In fact, about 70 percent of the parents of the Chabad Children of Chernobyl eventually immigrate to Israel, a goal of the Chabad movement, whose members believe that all Jews should move to Israel.

As the sun dips into the Mediterranean, casting long shadows in Kfar Chabad, Katia plays on the jungle gym outside. She slides down the slide and climbs up the bars, giggling and seeking attention.

Doctors hope she is young enough to be successfully treated. Just eating healthy food and drinking clean water -- something she did not enjoy at home -- will strengthen her immune system, they say. Proper diagnosis and vigilant attention to her health will also help.

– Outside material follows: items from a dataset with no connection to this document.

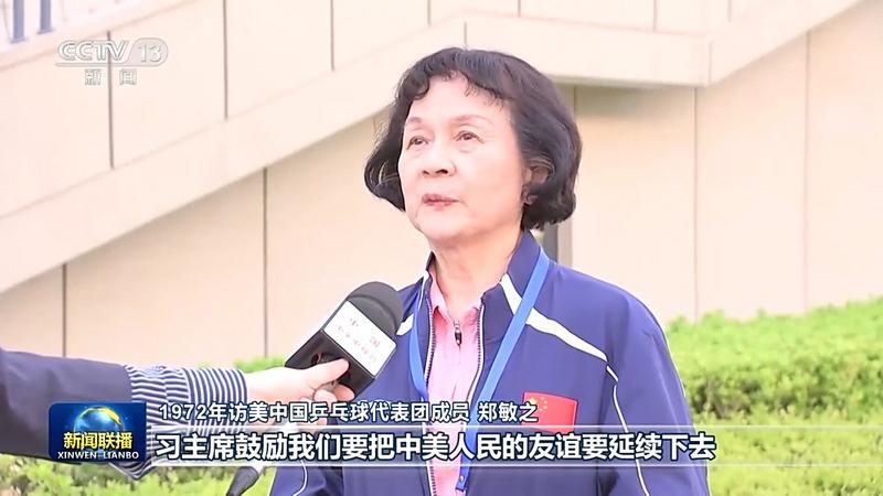 1972年访美中国乒乓球代表团成员 郑敏之:习主席鼓励我们要把中美人民的友谊延续下去,更鼓励我们,我们要把接力棒传给更多的年轻人,我们一定要继续为中美友谊作贡献。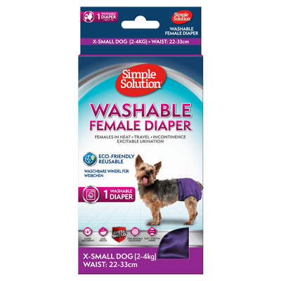 Simple Solution Tvättbart löpskydd är avsedd för tikar som löper eller hundar med inkontinensproblem. Den här återanvändbara blöjan skyddar effektivt golv och möbler från oönskade fläckar. Den är tillverkad av mjukt, stretchigt tyg som ger optimal komfort och rörelsefrihet för din hund. Blöjan har hög absorptionsförmåga och en läckagesäker barriär som håller fukten inne. Den är utrustad med Fur-Friendly Fasteners som håller den på plats utan att klibba fast i pälsen.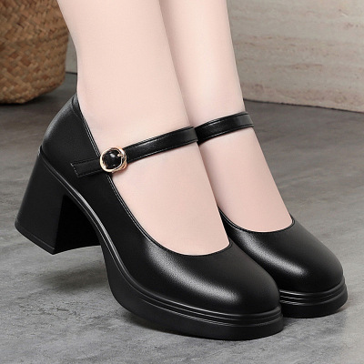 旗袍走秀鞋女中跟细跟防水台工作鞋一字扣黑色职业单鞋女皮鞋采有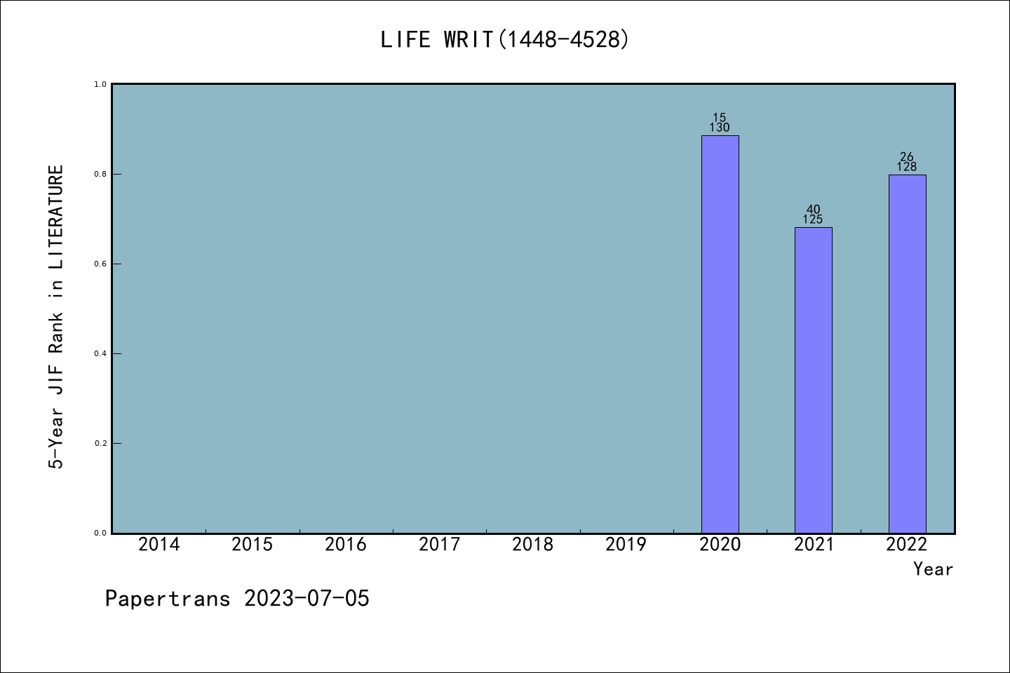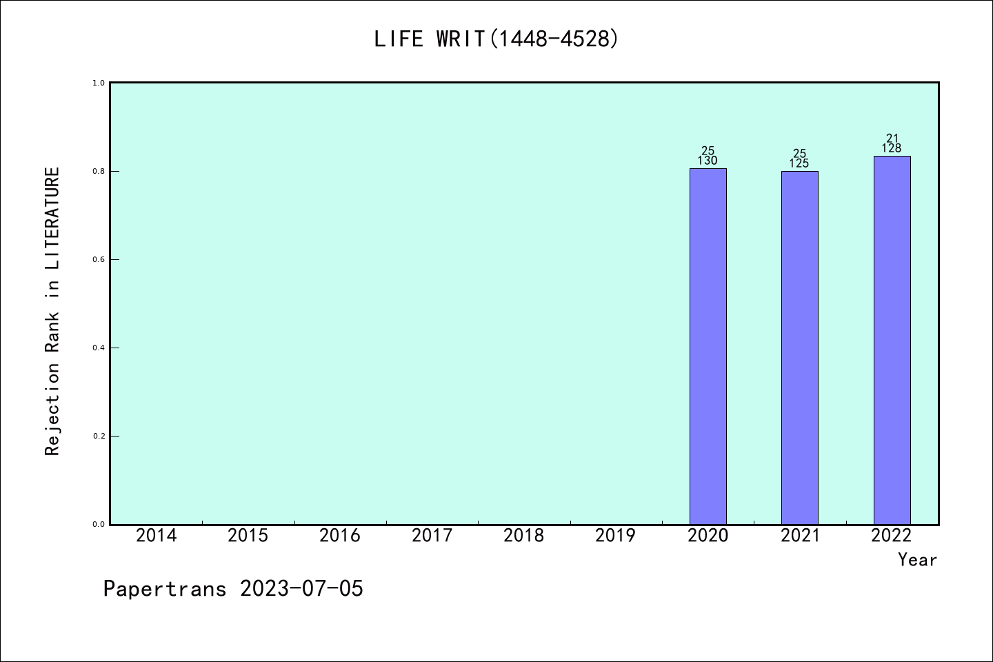 AHCI期刊Life Writing历年拒稿占比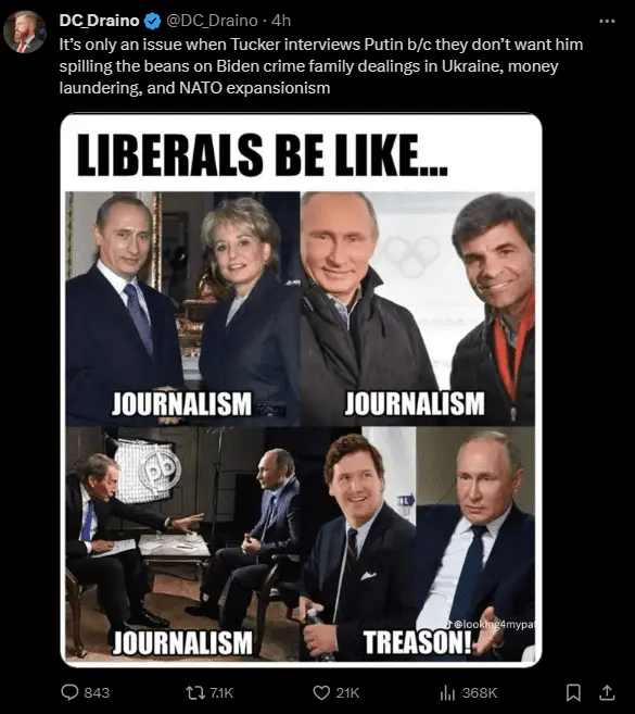 Tucker is a putin´s agent...I personally informed you, on at least a half dozen occasions who started that war (Obama/Biden 2013/14) and you shut up your little ears and began chanting, " na na na nahhhh, I can't hear you!" You have no idea what you are talking about, I'd take Vlad Putin over Obama/Biden every time, indeed I will aid Russia directly against the fascists in DC if it comes down to it, Biden and its open, brazen treason and corruption leaved Putin prepped for canonization.....![]()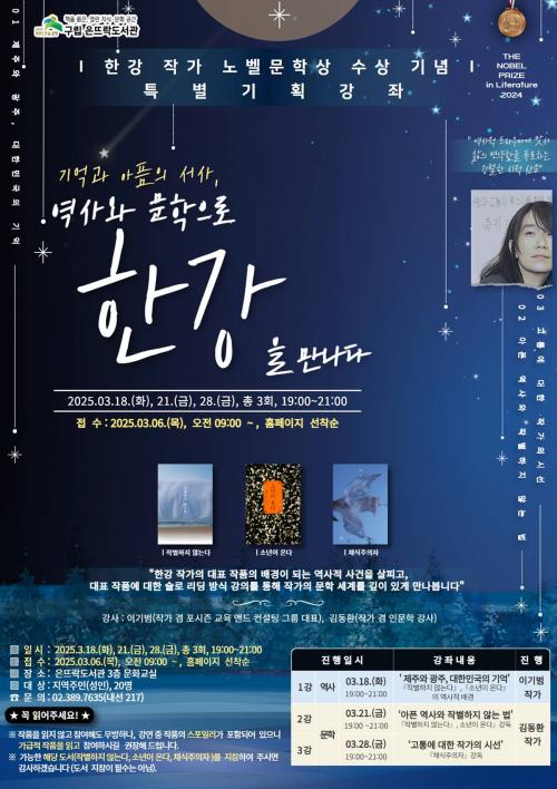 [½Åµ¿¾Æ¹æ¼Û ÀºÆò±¸=À̽ŵ¿±âÀÚ] ÀºÆò±¸´Â ±¸¸³ Àº¶ß¶ôµµ¼­°ü¿¡¼­ ÇѰ­ ÀÛ°¡ ³ëº§¹®Çлó ¼ö»ó±â³ä Ưº°±âȹ°­Á ¡®±â¾ï°ú ¾ÆÇÄÀÇ ¼­»ç, ¿ª»ç¿Í ¹®ÇÐÀ¸·Î ÇѰ­À» ¸¸³ª´Ù¡¯¸¦ ¿î¿µÇÑ´Ù°í ¹àÇû´Ù. À̹ø °­Á´ ÇѰ­ ÀÛ°¡ÀÇ ´ëÇ¥ÀÛ ¡¯ÀÛº°ÇÏÁö ¾Ê´Â´Ù¡®, ¡¯¼Ò³âÀÇ ¿Â´Ù¡®¡¦
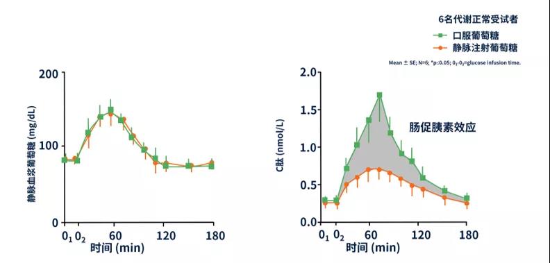 1986年科研人員通過實驗:在增加 25、50 和 100 g 口服葡萄糖負荷和相應等糖的葡萄糖輸注后,在代謝正常的受試者中測量靜脈C肽值計算出綜合胰島素分泌量;在血糖水平和變化趨勢基本一致的情況,胰島β細胞分泌反應的差異歸因于腸促胰素效應。胰島素和C肽濃度都隨著口服葡萄糖負荷的增加而增加,腸促胰素效應約占正常成人餐后總胰島素水平的70%左右[2]。

Even if Katia lives a healthy life, the past week's planeload of children will not be the last to arrive at Kfar Chabad. The affects of Chernobyl will not end anytime soon.

Radioactive particles will remain in the region's fields and streams for hundreds, if not thousands, of years.
That means the children born around Chernobyl will be exposed to radiation from birth, and even while in the womb, for years to come.

"You have whole populations born into that contamination," said Litvin, the Chabad medical liaison. "That's one of the reasons we say the Chernobyl disaster will get worse with time."